• [Information supplied]:
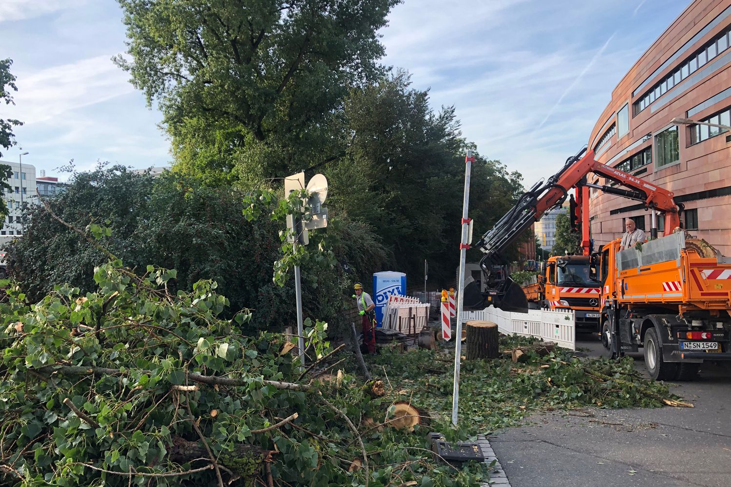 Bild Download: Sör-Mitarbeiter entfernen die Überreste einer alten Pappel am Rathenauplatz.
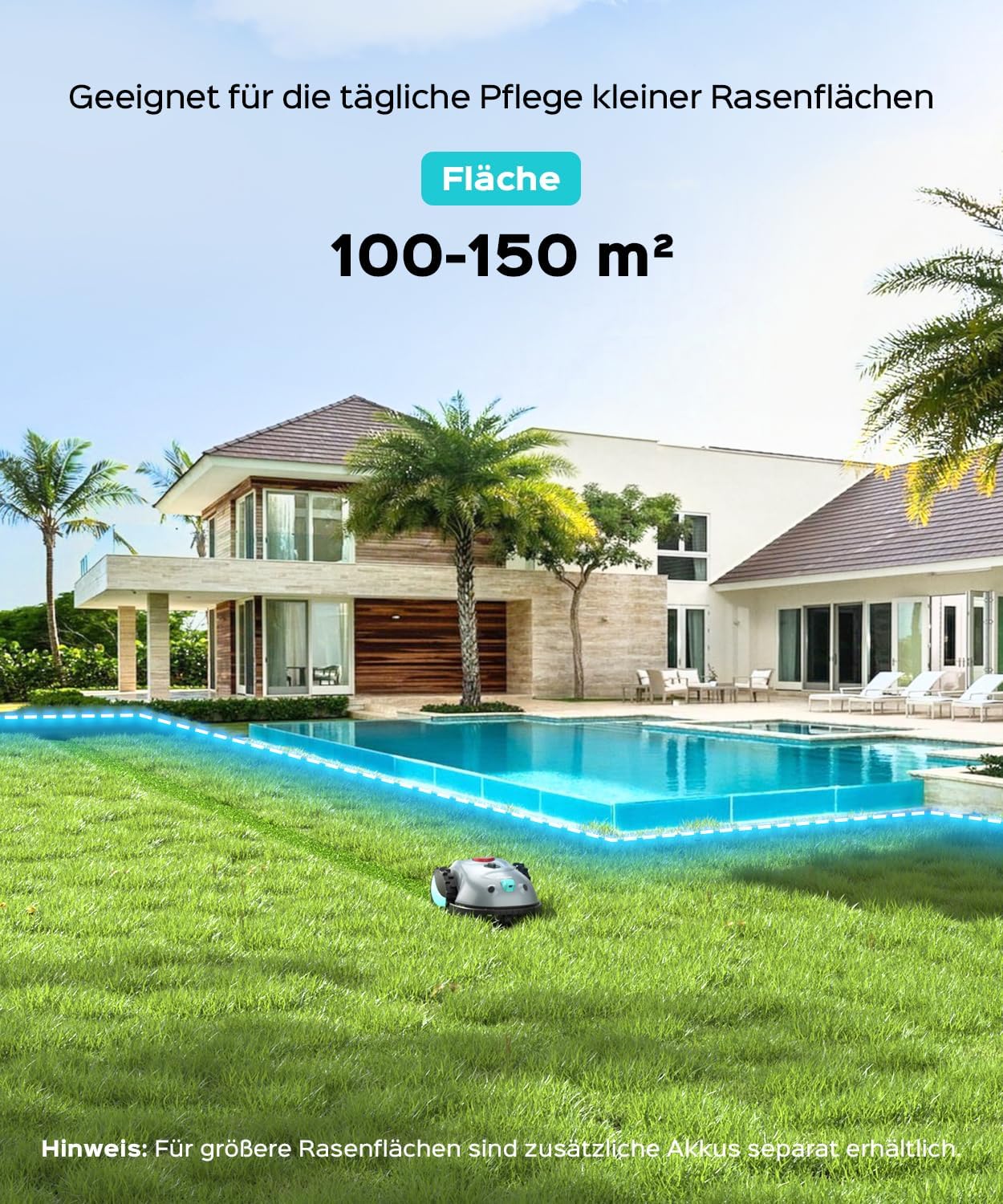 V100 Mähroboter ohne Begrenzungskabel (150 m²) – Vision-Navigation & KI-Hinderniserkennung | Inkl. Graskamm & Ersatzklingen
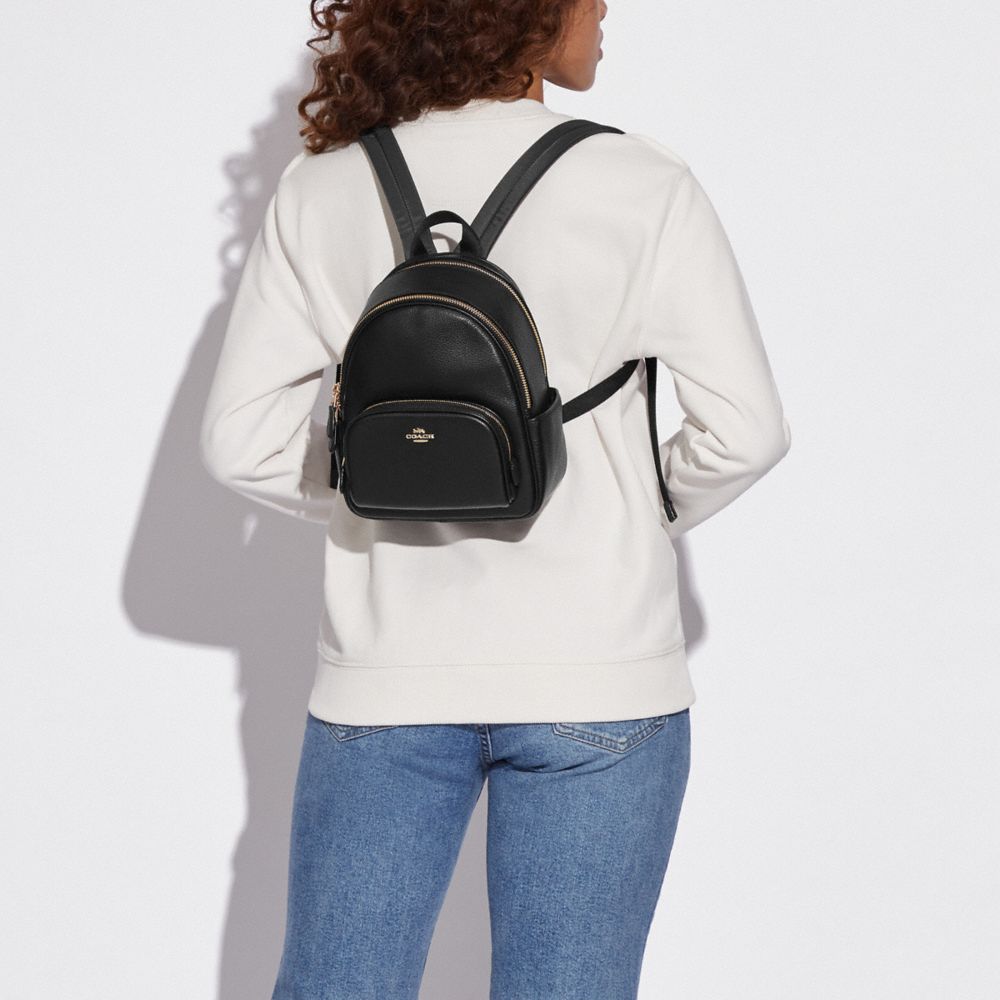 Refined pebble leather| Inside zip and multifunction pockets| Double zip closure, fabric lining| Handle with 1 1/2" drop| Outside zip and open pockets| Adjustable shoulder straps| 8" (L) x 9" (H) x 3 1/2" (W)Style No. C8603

• [Work task]: Find the line that contains "V100 Mähroboter ohne" and repeat it, along with every line after it to the end of the data, exactly; drop the pictures.

• [Problem solution]:
 V100 Mähroboter ohne Begrenzungskabel (150 m²) – Vision-Navigation & KI-Hinderniserkennung | Inkl. Graskamm & Ersatzklingen
 Refined pebble leather| Inside zip and multifunction pockets| Double zip closure, fabric lining| Handle with 1 1/2" drop| Outside zip and open pockets| Adjustable shoulder straps| 8" (L) x 9" (H) x 3 1/2" (W)Style No. C8603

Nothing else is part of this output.